La libertad de expresión y de prensa son unos de los valores fundamentales para la convivencia republicana. Los medios de cualquier naturaleza: comunitarias, partidistas, los tradicionales, cualquiera que sea su origen, son necesarios para la vida democrática. Dar a conocer sus opiniones, la publicación de sus investigaciones, la defensa de una posición desde la razón serán siempre encomiables y necesarias. Y sobre todo, hay que defenderlas.
El hecho de que la violencia y la inseguridad lleguen a los medios de comunicación es un paso más en el terror que grupos criminales pretenden imponer en el país.

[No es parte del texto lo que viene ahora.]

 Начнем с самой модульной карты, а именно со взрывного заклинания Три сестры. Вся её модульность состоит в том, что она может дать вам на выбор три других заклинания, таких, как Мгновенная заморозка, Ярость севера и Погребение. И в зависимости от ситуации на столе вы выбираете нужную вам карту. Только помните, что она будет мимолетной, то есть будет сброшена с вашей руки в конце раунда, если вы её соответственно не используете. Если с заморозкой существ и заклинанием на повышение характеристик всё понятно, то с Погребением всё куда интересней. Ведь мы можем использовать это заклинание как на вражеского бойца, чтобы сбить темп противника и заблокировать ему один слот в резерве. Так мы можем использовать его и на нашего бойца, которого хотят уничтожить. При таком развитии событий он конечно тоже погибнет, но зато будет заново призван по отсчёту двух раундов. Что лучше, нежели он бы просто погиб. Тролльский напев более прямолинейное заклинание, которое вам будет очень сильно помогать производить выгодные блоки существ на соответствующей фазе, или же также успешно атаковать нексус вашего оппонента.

Usan el miedo como la forma de someter a la población a su voluntad para actuar con mayor impunidad e imponer el silencio de las mayorías.

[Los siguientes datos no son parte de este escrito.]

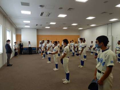本日、野球部が西淀川区役所を表敬訪問し、西淀川区長に大阪府大会準優勝と近畿大会出場の報告を行いました。表敬訪問の様子と選手へのインタビューは、西淀川区の広報誌に載せていただきます。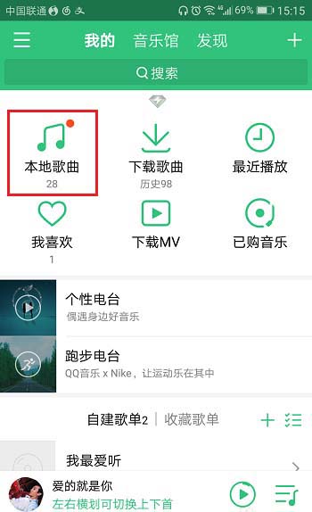 3、进去本地歌曲界面之后,找到要举报恶意评论的歌曲,点击进去,如下图所示:

Estos son, a la vez, ataques a la palabra de las personas o de grupos. Y la palabra es el bien más preciado de la humanidad. Sin la palabra no hay pensamiento, lo que nos diferencia de los animales.
La historia reciente de América Latina ha tenido muchos casos de cuando se ataca a periodistas, la crisis ha llegado a extremos de los que son difíciles de salir. Colombia lo supo bien durante el terror que generó Pablo Escobar. Y uno de los objetivos fue atacar a los diarios, sobre todo a El Espectador.
En México, los asesinatos de periodistas que investigan al narcotráfico son mensuales. El año pasado, la violencia se cobró la vida de 15 comunicadores.
No es insensibilidad con la muerte de tantos ecuatorianos, de las víctimas colaterales. Se informa y se condena estos y otros atentados con la misma medida. Ocurre, sin embargo, que cuando ya se ataca a la prensa es porque buscan de todas las maneras posibles un silencio. La ignorancia de un hecho es su mejor arma.